There also have been a couple of interesting litigations emerging. The latest action is against Washington Gas, where plaintiffs assert that natural gas marketing is overshadowing the harm that methane can cause.
This attention to greenwashing could get investment firms and companies to recognize that people are paying attention, but it can also be a double edge sword if companies don't want to share progress because they don't feel they've gone far enough and might get called out. Brian O'Kelly, CEO of Scope 3, noted that we might need a new term "Greenworking" for companies to express that they are making positive progress. I agree because stakeholders don't understand how complex this transition is.
Lastly, if you're looking for some inspiration, don't miss One Vision's interview with Nima Farshchi, Director of the Center for Social Value Creation at the University of Maryland. I need to credit him with my earlier insight above:
🗝️Sacrificing ESG integration accumulates into business risk over time!
Based on this interview, Theodora Lau made a plea that we should just slow down. In a world of never-ending economic growth and failing fast, we should refocus our efforts on the ESG and sustainability challenges we face before the world forces us to slow down. Unfortunately, none of this debate or disinformation will matter if that happens.
Tweet of the Week
This TOTW was sent to me by Barb MacLean.
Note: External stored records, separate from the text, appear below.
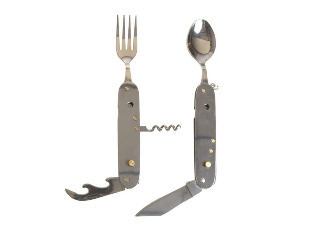 Skládací multifunkční nerezový příbor. Obsahuje: nůž, vidličku, lžíci, otvírák na konzervy a láhve, vývrtku,šídlo, kroužek pro připevnění na šňůrku. Dodáváno včetně pouzdra zlené barvy, lze připernit /provlečením/ na opasek.
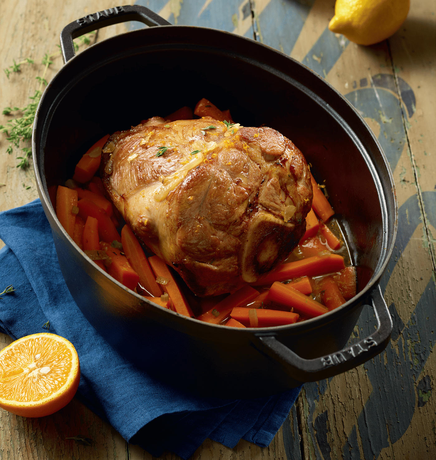 Jarret de veau confit aux agrumes
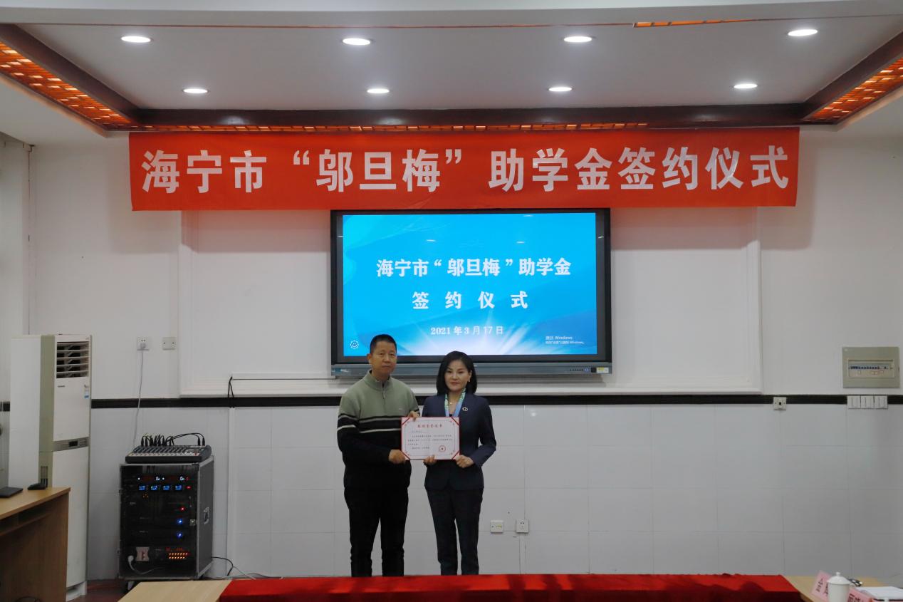 5年前,邬旦梅开始着手设立个人慈善助学会。一次偶然的机会,她得知海宁市教育发展投资有限公司有一个支持海宁市新居民子女学校教育事业发展的项目,恰好和她的想法相契,于是立马动身前往。通过一次次的沟通协商,终于在2021年以个人名义设立了百万爱心助学金,帮助海宁博远学校、博达学校的新居民孩子解决读书之困。

One of the ways to fight disinformation is to get involved by pivoting into an ESG or sustainability career.
While Erika Reinhardt lays out great advice below for sustainability and software engineering, she has a very useful insight in this thread.
Try to explore where you applying your skillset will make the biggest difference
As a Liberal Arts graduate working in technology, ESG, and sustainability, I'm a HUGE fan of that!